Table 1 Mean, minimum, maximum, standard deviation (SD) and coefficient of variation (CV) of the main soil characteristics of input dataset in the study areas of Marchfeld, Bologna and Rmel. The number of investigate soil profile (s.p.) is reported in parenthesis for each site.

2.4 Ecosystem Services and Indicators

Water-related processes within the soil-plant-atmosphere system, such as infiltration, evapotranspiration, and groundwater recharge, are integral components of the hydrological cycle. These processes are primarily influenced by climate and soil hydrological properties. By simulating these processes, the FLOWS model provides outputs that enable the estimation of four key regulating ecosystem services:

• Runoff triggering (RUN). the contribution of the soil in separating the amount of water that infiltrates from the portion that flows externally, potentially generating flux-to-runoff.

• Infiltration (INF). the soil's ability to regulate water entry, contributing to water regulation services.

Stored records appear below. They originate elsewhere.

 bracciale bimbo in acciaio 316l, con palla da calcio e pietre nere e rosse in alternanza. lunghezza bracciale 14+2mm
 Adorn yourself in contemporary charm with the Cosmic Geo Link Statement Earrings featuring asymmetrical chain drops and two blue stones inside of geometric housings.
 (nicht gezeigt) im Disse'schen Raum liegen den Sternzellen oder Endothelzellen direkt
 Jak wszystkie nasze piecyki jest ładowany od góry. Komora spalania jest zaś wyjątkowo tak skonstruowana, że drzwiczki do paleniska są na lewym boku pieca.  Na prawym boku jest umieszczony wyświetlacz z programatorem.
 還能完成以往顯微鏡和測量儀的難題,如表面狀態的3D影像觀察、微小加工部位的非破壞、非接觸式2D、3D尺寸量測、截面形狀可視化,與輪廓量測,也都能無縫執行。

• Groundwater recharge (GWR). the soil's capacity to conduct water downward and replenish groundwater, thereby supporting water regulation services. Irrespective of soil thickness or groundwater table depth (if the groundwater does not intersect the soil profile), GWR decribes the outflow from the profile. In terms of ecosystem services, this flux corresponds to potential groundwater recharge.

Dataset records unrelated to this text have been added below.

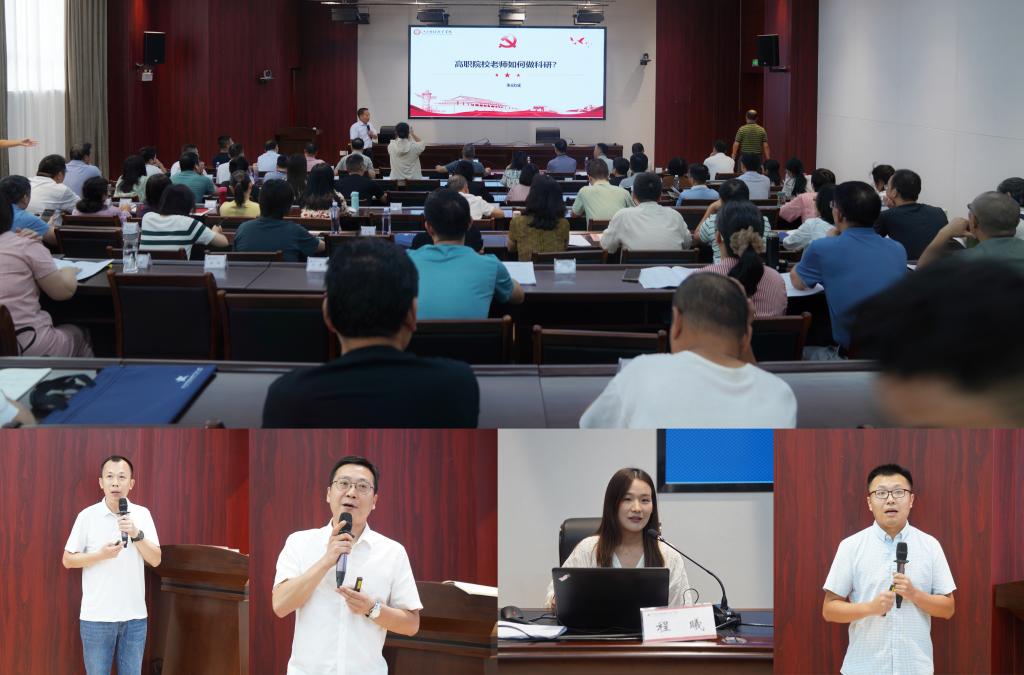 培训期间还举办了《师说讲堂》。学校马克思主义学院院长朱欣成、城乡建设学院副院长(主持工作)吕亨龙、基础教育学院党总支副书记沈克旻、数字经济学院实训教研室主任程曦、信息工程学院大数据技术专业负责人王奎分别作主题分享。
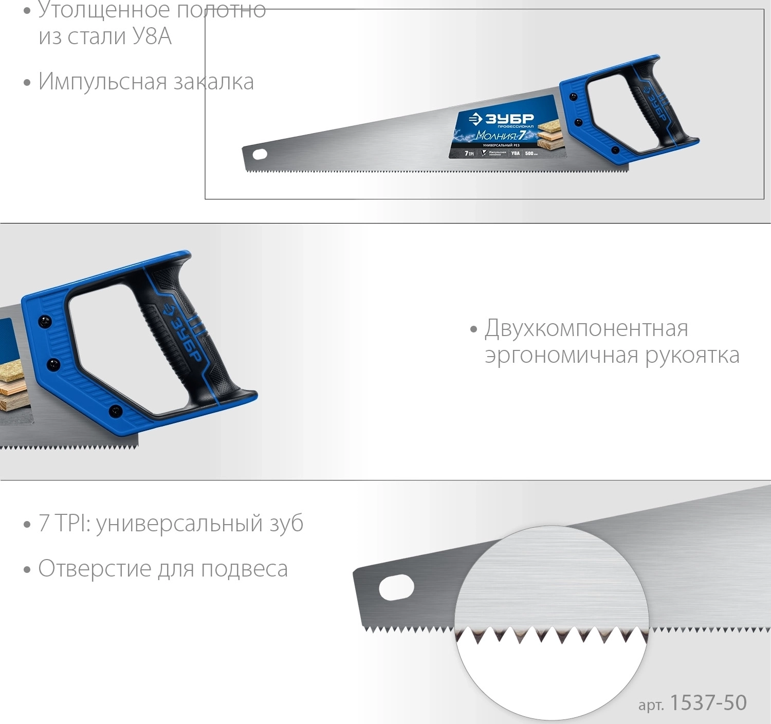 Универсальная ножовка ЗУБР Молния-7 500 мм 7TPI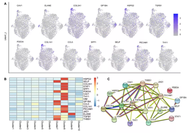 為了進(jìn)一步揭示這一現(xiàn)象,作者分析了這17種肝病相關(guān)基因在17PCW胚胎腎臟中的表達(dá)水平。除PECAM1外,其余基因在17PCW腎中表達(dá)。但其表達(dá)模式與肝臟不同,主要不在巨核細(xì)胞和內(nèi)皮細(xì)胞中表達(dá),說明這些肝病相關(guān)基因在胚胎肝臟中具有獨(dú)特的基因表達(dá)模式。此外,對(duì)這17個(gè)肝病相關(guān)基因的蛋白質(zhì)相互作用網(wǎng)絡(luò)分析顯示TGFB1、COL1A1、SPP1、PECAM1和THBS1在表達(dá)網(wǎng)絡(luò)中起關(guān)鍵作用,而PDE5A與其他基因沒有相互作用(圖6C)。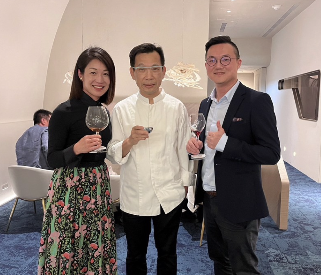 接著國際IWSA金牌的Gris de Noirs Extra Brut 黑中灰氣泡酒搭配台灣在地食材「烏魚子」,帶有青梅香氣與礦味的酒款,搭配充滿鹹香的烏魚子超對味;最後由Clairet W4輕紅酒搭配法餐,清透感的酒款,讓人感受到優雅美好的夜晚。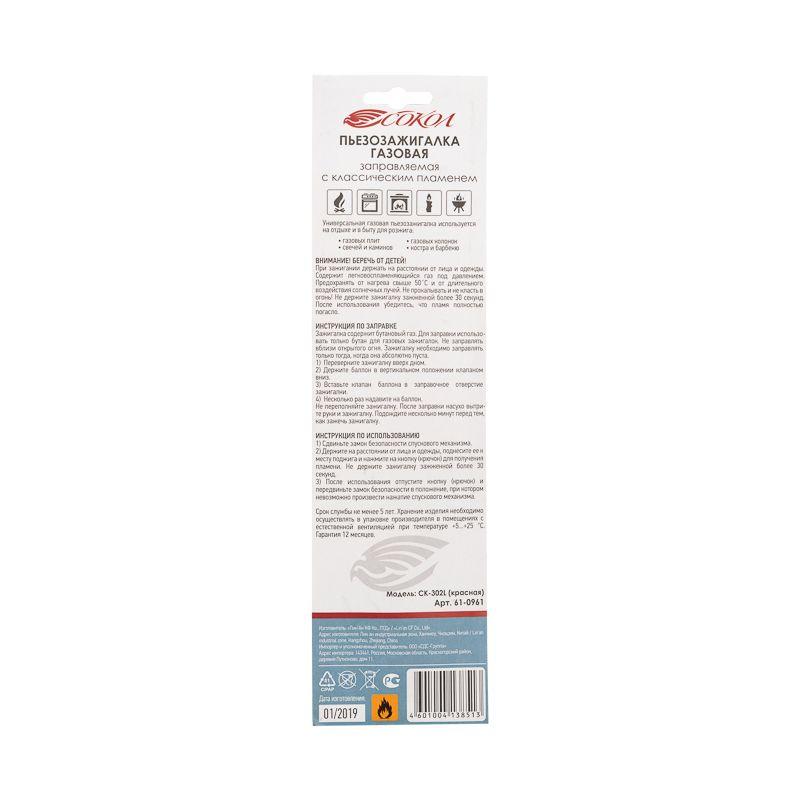- Пьезозажигалка газовая СК-302L бытовая с классическим пламенем многоразовая красн. СОКОЛ 61-0961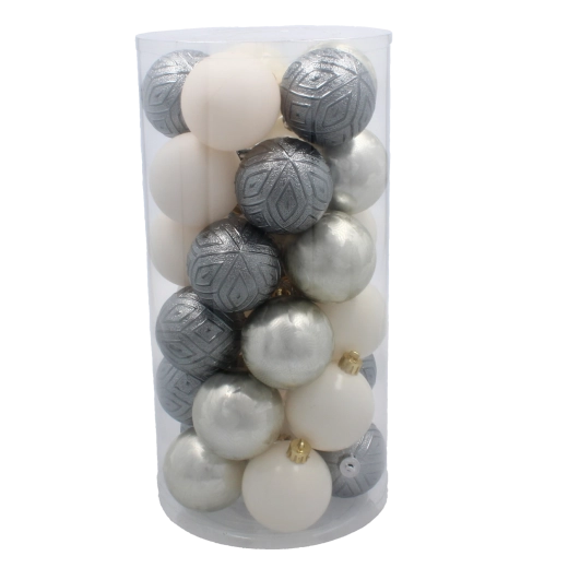 Díky 30 kusům ozdob snadno pokryjete celý stromek v jednotném schématu. Různé povrchové úpravy – matné, lesklé a reliéfní – přinášejí hru světel a textur, která pozvedne sváteční atmosféru na vyšší úroveň.

• In addition, the Crop Water Stress Index (CWSI) is considered a proxy indicator for food provision ecosystem services, measuring the level of water stress experienced by crops. CWSI is calculated as (1 $-T_{\mathrm{act}}/T_{\mathrm{pot}}$) ⋅ 100, where T_act is actual transpiration and T_pot is potential transpiration.

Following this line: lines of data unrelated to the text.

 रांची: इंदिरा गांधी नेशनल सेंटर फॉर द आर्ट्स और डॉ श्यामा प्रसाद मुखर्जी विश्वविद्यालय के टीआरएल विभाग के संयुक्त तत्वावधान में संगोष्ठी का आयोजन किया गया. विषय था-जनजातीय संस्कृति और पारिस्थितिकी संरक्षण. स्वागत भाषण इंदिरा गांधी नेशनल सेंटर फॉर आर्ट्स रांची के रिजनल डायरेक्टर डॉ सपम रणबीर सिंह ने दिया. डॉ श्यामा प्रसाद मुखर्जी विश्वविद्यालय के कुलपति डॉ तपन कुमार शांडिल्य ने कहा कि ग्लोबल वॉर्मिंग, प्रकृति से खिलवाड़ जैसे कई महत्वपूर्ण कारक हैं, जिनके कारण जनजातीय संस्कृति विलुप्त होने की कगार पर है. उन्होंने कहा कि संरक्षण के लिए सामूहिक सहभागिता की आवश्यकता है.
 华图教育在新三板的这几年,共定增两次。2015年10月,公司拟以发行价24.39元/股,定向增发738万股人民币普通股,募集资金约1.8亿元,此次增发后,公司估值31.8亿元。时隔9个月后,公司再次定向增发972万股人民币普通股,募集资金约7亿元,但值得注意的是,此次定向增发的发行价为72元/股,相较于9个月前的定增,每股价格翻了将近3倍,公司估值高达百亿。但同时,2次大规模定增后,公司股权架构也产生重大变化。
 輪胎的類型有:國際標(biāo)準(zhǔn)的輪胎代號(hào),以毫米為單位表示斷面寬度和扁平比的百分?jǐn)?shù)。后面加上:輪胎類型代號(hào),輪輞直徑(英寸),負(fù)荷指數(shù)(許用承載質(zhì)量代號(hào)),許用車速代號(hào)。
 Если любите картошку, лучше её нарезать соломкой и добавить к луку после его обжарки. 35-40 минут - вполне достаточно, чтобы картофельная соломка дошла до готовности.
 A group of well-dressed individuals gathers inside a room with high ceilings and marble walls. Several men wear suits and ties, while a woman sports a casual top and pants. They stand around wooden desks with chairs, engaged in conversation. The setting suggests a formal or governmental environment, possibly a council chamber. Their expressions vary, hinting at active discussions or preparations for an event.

These outputs were analysed to evaluate their interrelations with a group of key soil parameters which are commonly selected as indicators of water regulation ecosystem services. These indicators encompass saturated hydraulic conductivity (K_S), available water content (AWC), bulk density (BD), organic matter (OM), clay content (CLAY), saturated soil water content (θ_s), macroporosity (MACRO), and soil depth (SD).

2.5 Statistical analysis

Various descriptive analysis tools and summary measures were used to explore and describe the data, as well as to visualize their distributions. To investigate the degree of correlation between ecosystem services and indicators (soil properties), we performed the simple linear regression and calculated the Pearson correlation using the metan package in R software (Olivoto and Barbin, 2020). In the text, we classify the degree of correlation (r) as follows: very weak (< 0.2), weak (0.2–0.4), moderate (0.4–0.6), strong (0.6–0.8), and very strong (> 0.8). Scatter-plots were generated using the AgroR package (Shimizu et al., 2022) and the ggplot2 package (Wickham, 2016) in R.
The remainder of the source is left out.